> [ACTION ITEM]: Print the entire listing below word for word, excluding its pictures.

> [THE RECORDS]:
+ + +
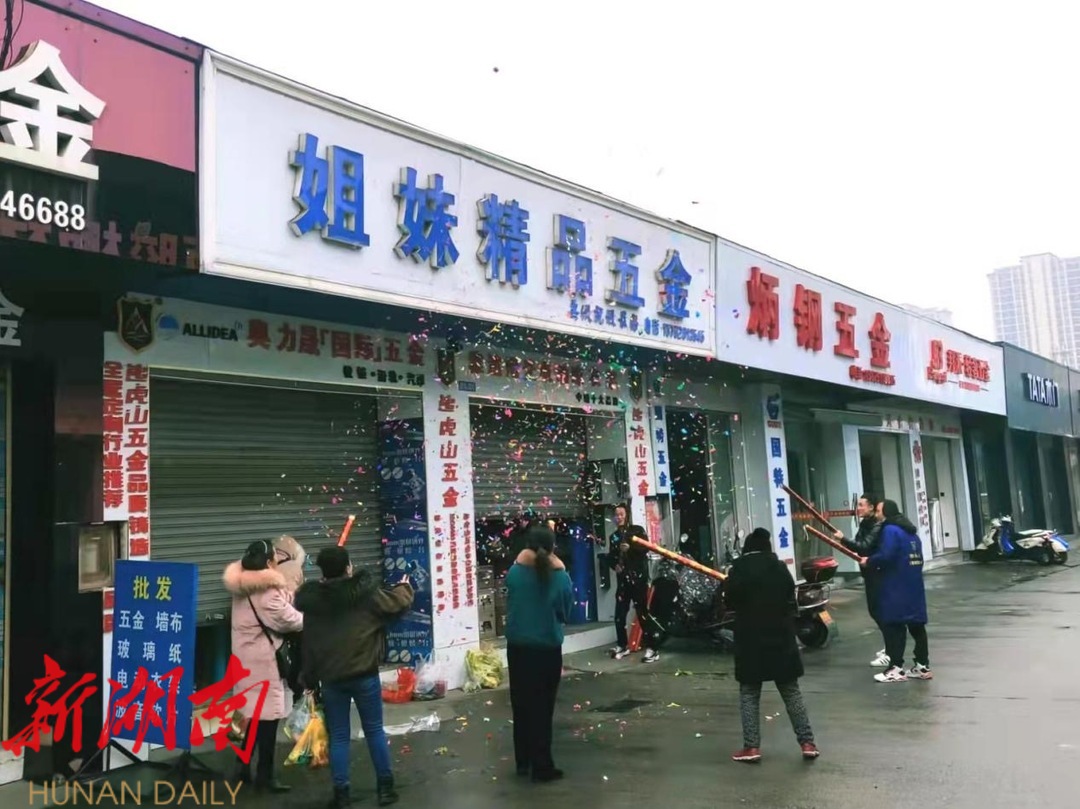 2月9日上午8时,芙蓉街道岩坪社区的兴隆装饰城里礼花齐放,热闹非凡。原来,这天大年初九,是装饰城年后开张营业的日子。商家们大都有商铺开业先放鞭炮的习惯,这天却全部放起了空气压缩式礼花。
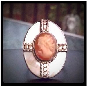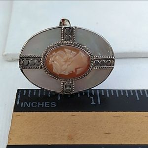 Sterl.Silver HandCarved Shell Cameo MOP Ring VTG
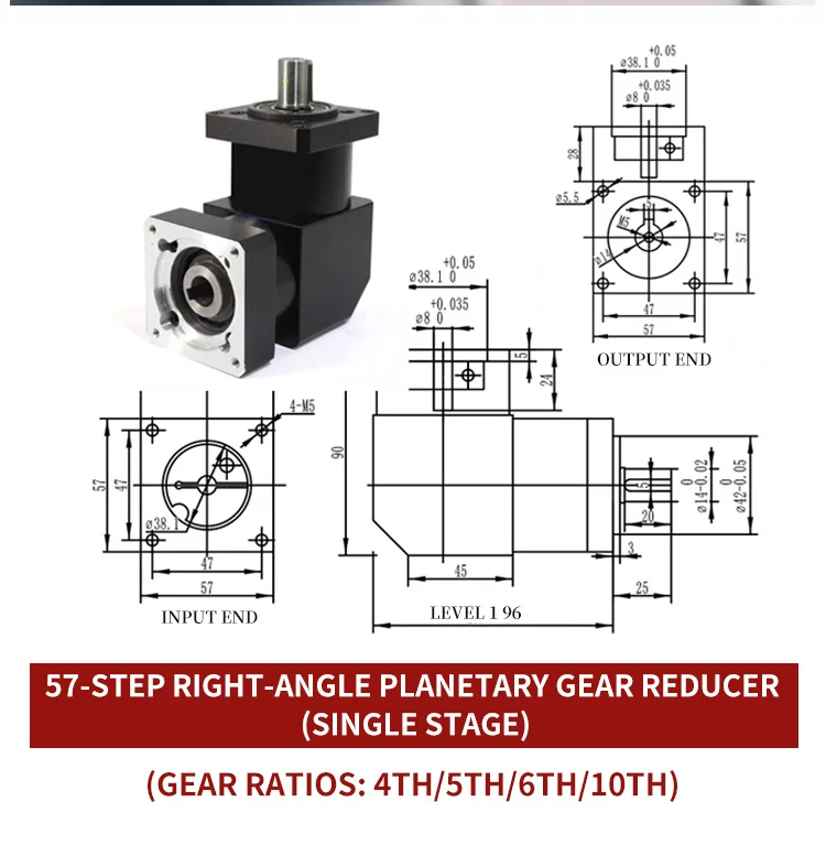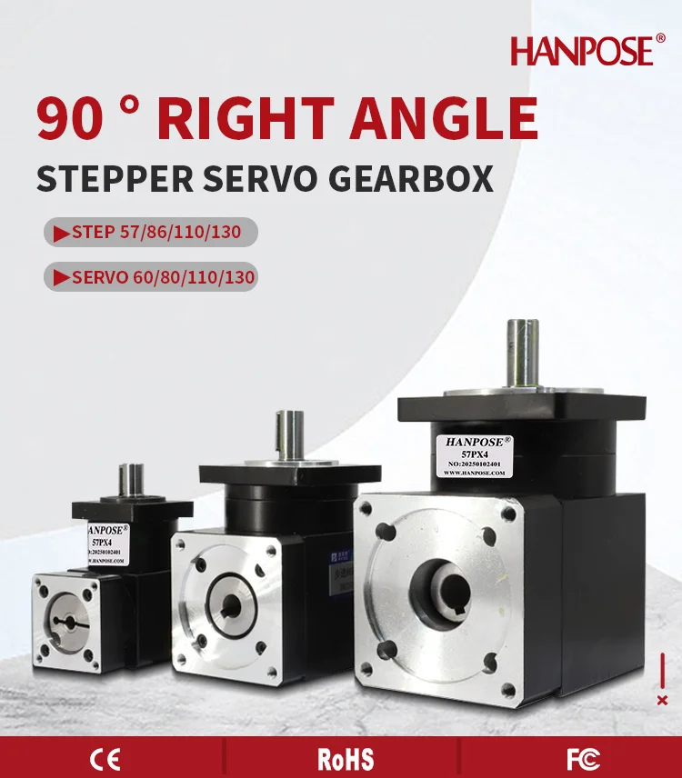 Hanpose Bestsellerowy serwo silnik krokowy z przekładnią pod kątem 90° 57PX4 Sprawność 90% Długość silnika 103 mm Serwo silnik krokowy
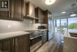 This brand-new 1 Bedroom + Den Brilliance Model suite at Illumina Condos offers 850 sq. ft. of bright, modern living with floor-to-ceiling windows that fill the space with natural light. The open-concept layout includes a designer kitchen with premium Fisher & Paykel appliances, a quartz waterfall island, and ample cabinetry and counter space, while the versatile den can serve as a home office or dining area. The spacious primary bedroom features a custom built-in closet and convenient access to a 4-piece bathroom. Residents enjoy underground parking and a private locker, as well as premium building amenities including a 24-hour concierge and security, a state-of-the-art fitness centre, bike storage, a BBQ area, and a stylish party room. The 22nd-floor party room with rooftop terrace offers breathtaking lake views and provides an ideal space for entertaining or relaxing. Steps from the lake, shops, cafés, restaurants, the Art Gallery of Burlington, and the Performing Arts Centre, with a pharmacy and medical clinic at the building base and close proximity to the GO Station and highways, this suite combines comfort, convenience, and modern urban living in one complete package. (id:27)
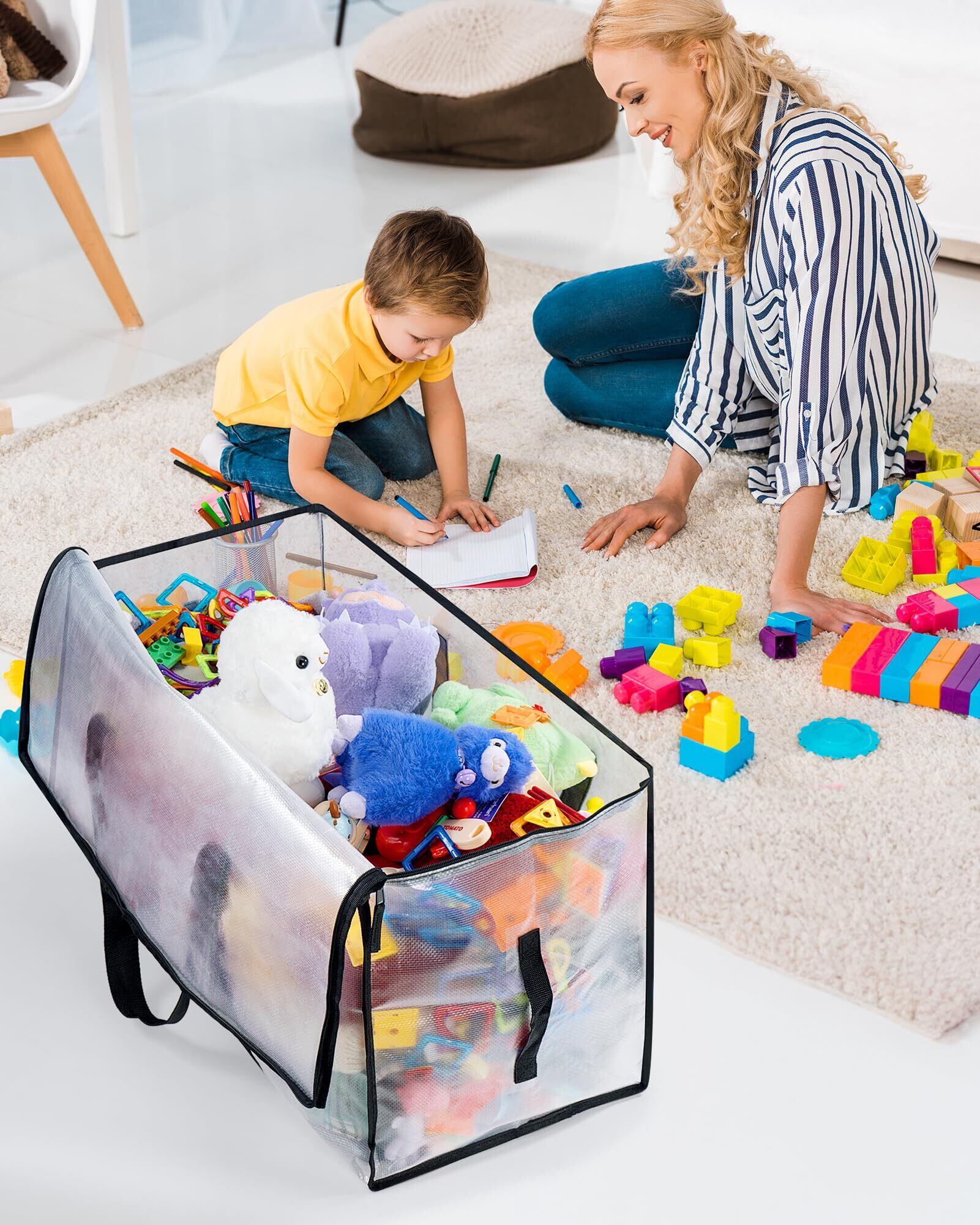 大きい引越しバッグ 布団収納袋 大容量91リットル 収納ケース 防塵防水 持ち手付き 折りたたみ式 収納バッグ 衣替え 旅行 引っ越し対応 (透明, 2枚)
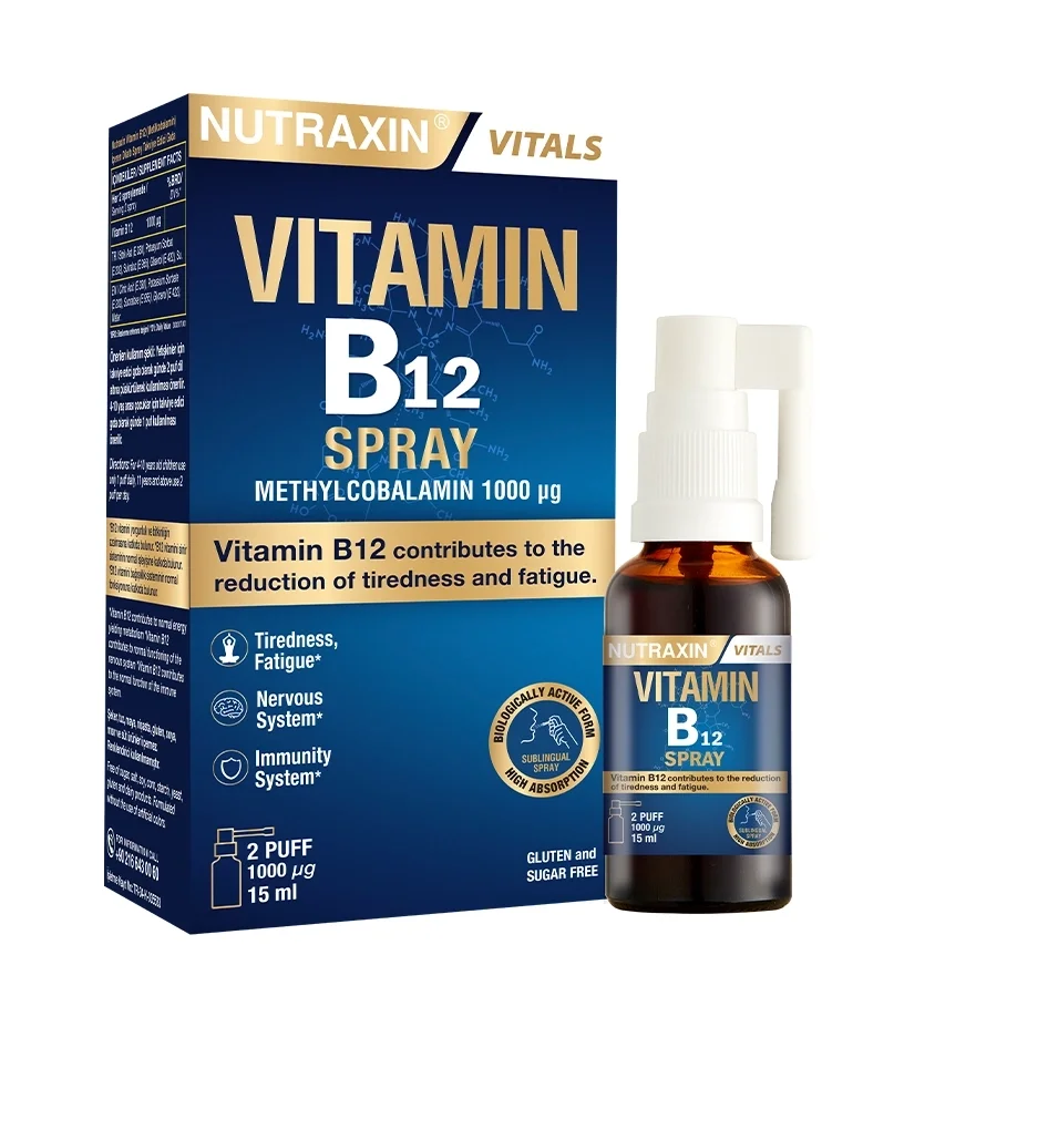 Nutraxin Vitamin B12 sprey, her 2 spreylemede 1000 μg biyolojik aktif form ve yüksek emilime sahip olan metilkobalamin formunu içerir. Vegan ve vejetaryenlerin kullanımına uygundur. Sprey form avantajı ile hızlı ve kolay kullanım sağlar.
+ + +
> [YOUR RESPONSE]:
 2月9日上午8时,芙蓉街道岩坪社区的兴隆装饰城里礼花齐放,热闹非凡。原来,这天大年初九,是装饰城年后开张营业的日子。商家们大都有商铺开业先放鞭炮的习惯,这天却全部放起了空气压缩式礼花。
 Sterl.Silver HandCarved Shell Cameo MOP Ring VTG
 Hanpose Bestsellerowy serwo silnik krokowy z przekładnią pod kątem 90° 57PX4 Sprawność 90% Długość silnika 103 mm Serwo silnik krokowy
 This brand-new 1 Bedroom + Den Brilliance Model suite at Illumina Condos offers 850 sq. ft. of bright, modern living with floor-to-ceiling windows that fill the space with natural light. The open-concept layout includes a designer kitchen with premium Fisher & Paykel appliances, a quartz waterfall island, and ample cabinetry and counter space, while the versatile den can serve as a home office or dining area. The spacious primary bedroom features a custom built-in closet and convenient access to a 4-piece bathroom. Residents enjoy underground parking and a private locker, as well as premium building amenities including a 24-hour concierge and security, a state-of-the-art fitness centre, bike storage, a BBQ area, and a stylish party room. The 22nd-floor party room with rooftop terrace offers breathtaking lake views and provides an ideal space for entertaining or relaxing. Steps from the lake, shops, cafés, restaurants, the Art Gallery of Burlington, and the Performing Arts Centre, with a pharmacy and medical clinic at the building base and close proximity to the GO Station and highways, this suite combines comfort, convenience, and modern urban living in one complete package. (id:27)
 大きい引越しバッグ 布団収納袋 大容量91リットル 収納ケース 防塵防水 持ち手付き 折りたたみ式 収納バッグ 衣替え 旅行 引っ越し対応 (透明, 2枚)
 Nutraxin Vitamin B12 sprey, her 2 spreylemede 1000 μg biyolojik aktif form ve yüksek emilime sahip olan metilkobalamin formunu içerir. Vegan ve vejetaryenlerin kullanımına uygundur. Sprey form avantajı ile hızlı ve kolay kullanım sağlar.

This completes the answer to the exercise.